I'm leaning toward one case wherein all avenues of evading the issue are covered. I don't have time, money, resources, or inclination to go thru this more than once. Only one short sentence stands between me and a new M4.
 
rabidgoldfish said:
As per caselaw, one can not be be charged with violating the NFA on post 86 guns.

The case is US vs. Rock Island Armory

http://www.cs.cmu.edu/afs/cs.cmu.edu/user/wbardwel/public/nfalist/rock_island.txt

http://en.wikipedia.org/wiki/Firearm_case_law

Wrong. One cannot be charged with violating Title 26 Section 5861. One can still be charged with violating 922(o). 922(o) simply replaces the tax payment requirement and the penalties for failing to register and pay the 200 dollars. Read the actual decision on findlaw, not a summary on wikipedia.

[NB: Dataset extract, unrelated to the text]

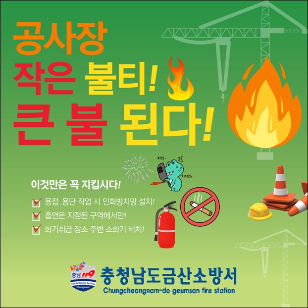 ±Ý»ê¼Ò¹æ¼­(¼­Àå ÁøÁ¾Çö)´Â °ø»çÀå ¿ëÁ¢ÀÛ¾÷ ½Ã ºÒƼ ºñ»ê, ´ã¹è²ÇÃÊ µî ºÎÁÖÀÇ·Î ÀÎÇÑ È­Àç°¡ ¹ß»ýÇÏÁö ¾Êµµ·Ï È­À翹¹æ¿¡ ÁÖÀǸ¦ ±â¿ï¿© ÁÙ °ÍÀ» 15ÀÏ ´çºÎÇß´Ù.
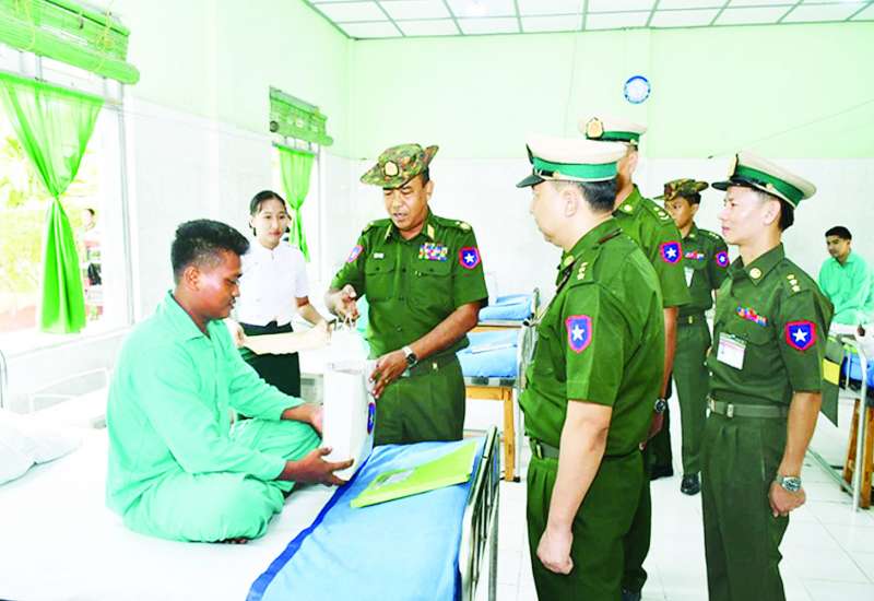 ကချင်ပြည်နယ် မြစ်ကြီးနားမြို့ရှိ တပ်မတော်ဆေးရုံ၊ ရန်ကုန်တိုင်းဒေသကြီး မင်္ဂလာဒုံမြို့နယ်ရှိ တပ်မတော်အရိုးရောဂါအထူးကု ဆေးရုံကြီး (ခုတင်-၅၀၀)နှင့် တပ်မတော်ဆေးရုံကြီး (ခုတင်-၁၀၀၀)၊ မန္တလေးတိုင်းဒေသကြီး မန္တလေးမြို့၊ နန်းမြို့တွင်း၊ ပြင်ဦးလွင်မြို့နှင့် မိတ္ထီလာမြို့တို့ရှိ တပ်မတော်ဆေးရုံများ၊ ပဲခူးတိုင်းဒေသကြီး ပြည်မြို့ရှိ တပ်မတော်ဆေးရုံတို့၌ တက်ရောက်ဆေးကုသ မှုခံယူလျက်ရှိသော အရာရှိ၊ စစ်သည်၊ မိသားစုဝင်များ၊ စစ်မှုထမ်းဟောင်းအဖွဲ့ဝင်များ၊ မြန်မာနိုင်ငံ ရဲတပ်ဖွဲ့ဝင်များ၊ ပြည်သူ့စစ် (ဌာနေ) တပ်ဖွဲ့ဝင်များနှင့် ဒေသခံပြည်သူများအား ယမန်နေ့တွင် သက်ဆိုင်ရာ တိုင်းစစ်ဌာနချုပ်များမှ တိုင်းမှူးများနှင့် တာဝန်ရှိသူများက သွားရောက်ကြည့်ရှု၍ တစ်ဦးချင်း၏ ရောဂါဖြစ်ပွားမှု၊ ဆေးဝါးကုသပေးထားမှုနှင့် ကျန်းမာရေးတိုးတက်ကောင်းမွန်မှု အခြေအနေများကို မေးမြန်းအားပေးစကား ပြောကြားပြီး အာဟာရဖြည့် စားသောက်ဖွယ်ရာများ ပေးအပ်သည်။

edit: Actually, I just looked at the link from cmu.edu and that has the complete text of the opinion. I suggest you read it.
 
file the paperwork that WILL be denied, and put up with what could be substantial annoyance from the whole process. Likewise for finding a CLEO to sign off the deal.

I applaud your efforts... Bypass the CLEO BS and incorporate. You get past one more hurdle that way. While you're getting a lot of attention here, you will soon find that we gunnies talk a good game, and we're especially good at critiquing the work of others on internet forums, but we don't often follow through. I have direct experience with this. :banghead: Ongoing, in fact.

I also submit to you that likely what ATF will do is not 'deny' your transfer, but simply not respond to your transfer. That avoids a pesky court defeat. What's more, the law (statutory) gives them complete discretion with regard to how much time they take to approve or deny a form. Unfortunately, again, for us, they not actually required to ever "deny" the transfer. They literally may keep re-cycling the form to the bottom of the stack. :scrutiny:


"but you can get an old expensive one" argument's stupidity into sharp relief

I don't mean to be insulting, so please don't take it that way. However, the world is divided into 2 groups.

1: Us.
2: Them.

You, are thinking like us. You have to think like them. The court will use any and all means necessary -by rule- to resolve a case without addressing a single constitutional issue. This is a "double edged sword" when you throw a "kitchen sink" case at the court, you give them more avenues out of reviewing the case on the grounds you want them to review it on. You have to look at a few court cases in detail and follow them through. You'll probably notice a pattern develop, or two. one is that more often than not, the government wins. Another is that the court will go to extreme measures to see that the government wins. You must think about your case like a court judge will, not how _we_ think your case should be presented. A judge will dive into the NFA law, have his clerks find transferrable M16 lowers and M4 uppers and report back, he will then issue a dismissal because you are able to procure a non prohibited arm of the same type.

<rant>
besides, the whole platform stinks anyway :neener:
</rant>

If you attempt to transfer something which didn't exist pre 5/19/86, you undercut this argument. So do you want the M4 or do you want to challenge the restrictions?
 
beerslurpy said:
Wrong. One cannot be charged with violating Title 26 Section 5861. One can still be charged with violating 922(o). 922(o) simply replaces the tax payment requirement and the penalties for failing to register and pay the 200 dollars. Read the actual decision on findlaw, not a summary on wikipedia.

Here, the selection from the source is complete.